▶ [Problem]: When you return the material, keep every line exactly as it is and omit the pictures.

▶ [Data block]:
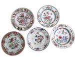 CHINE Compagnie des Indes Cinq assiettes rondes en porcelaine, différents modèles famille rose XVIIIème D.: 23 cm (égrenures, fêles et restaurations)
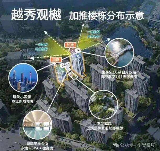 从项目基本情况来看,越秀观樾总占地面积约 20.64 万平方米,总建筑面积 25.1 万平方米,规划了 25 栋住宅楼,分北地块 5 栋、南地块 20 栋布局,一期共约 760 户。小区容积率仅 1.91,在天河核心区属于偏低的水平,绿化率 35%,车位配比达到 1:2.15,能充分满足多车家庭的停车需求。
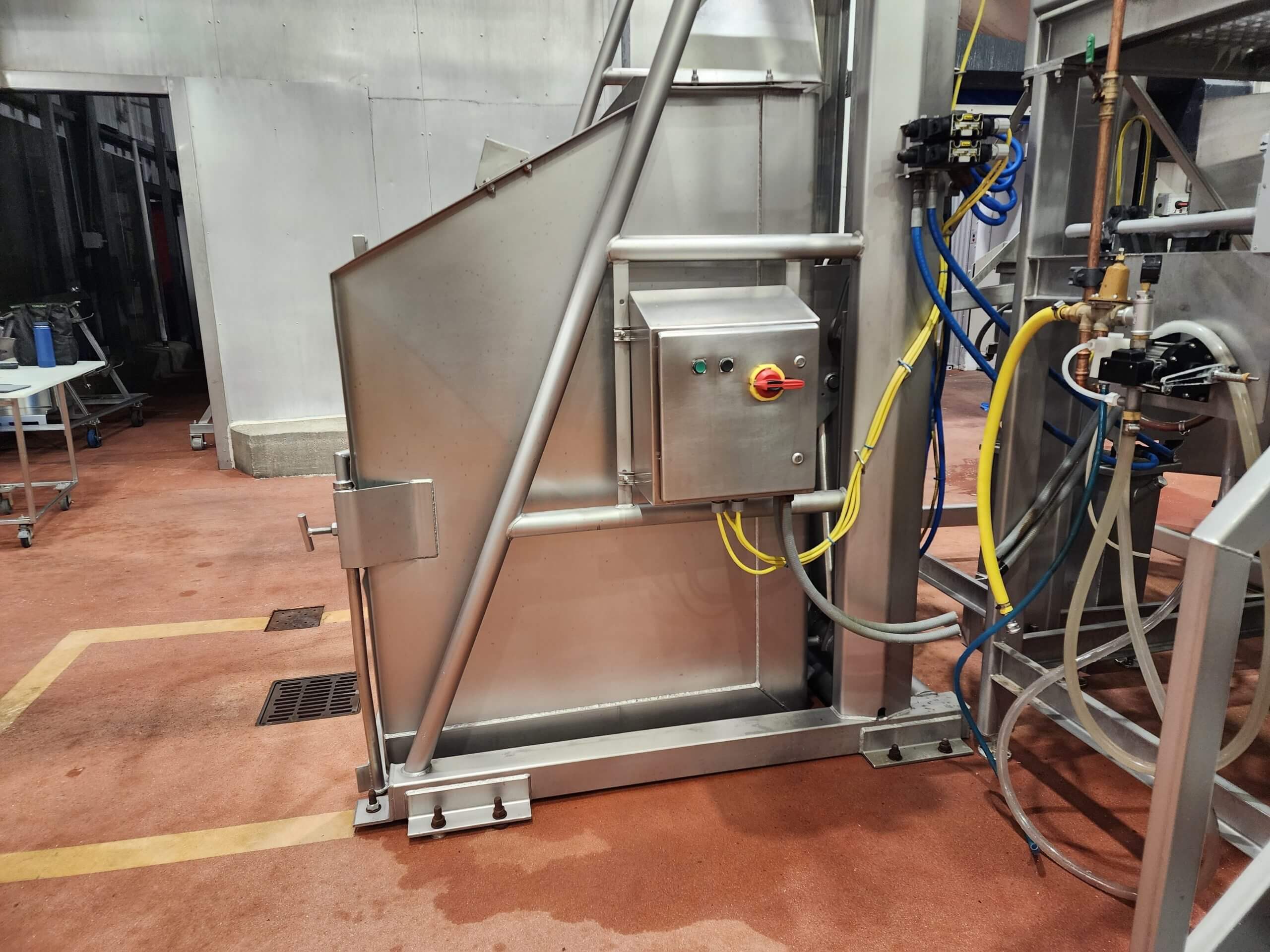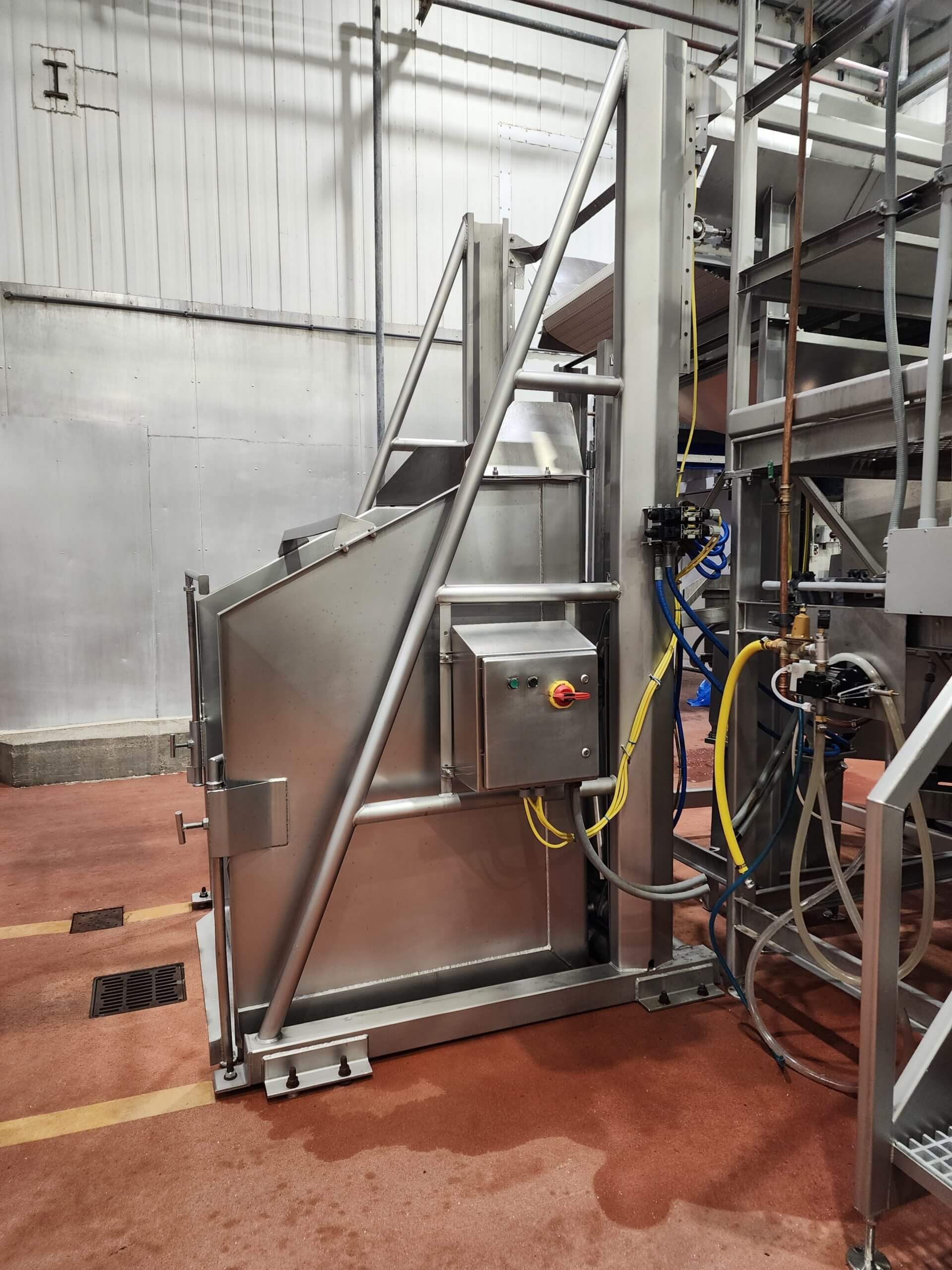 FPEC HLD 725 Vat Dumper. High lift Vat Dumper, all stainless steel construction. Adjustable Dump height from 86″ to 120″, 48″ wide x 45″ deep bed, adjustable hold down bar from 36″ to 58″, hydraulic lift cylinders. Includes Hydraulic power pack. 460V/3PH/60HZ.

▶ [Solution to this task]:
 CHINE Compagnie des Indes Cinq assiettes rondes en porcelaine, différents modèles famille rose XVIIIème D.: 23 cm (égrenures, fêles et restaurations)
 从项目基本情况来看,越秀观樾总占地面积约 20.64 万平方米,总建筑面积 25.1 万平方米,规划了 25 栋住宅楼,分北地块 5 栋、南地块 20 栋布局,一期共约 760 户。小区容积率仅 1.91,在天河核心区属于偏低的水平,绿化率 35%,车位配比达到 1:2.15,能充分满足多车家庭的停车需求。
 FPEC HLD 725 Vat Dumper. High lift Vat Dumper, all stainless steel construction. Adjustable Dump height from 86″ to 120″, 48″ wide x 45″ deep bed, adjustable hold down bar from 36″ to 58″, hydraulic lift cylinders. Includes Hydraulic power pack. 460V/3PH/60HZ.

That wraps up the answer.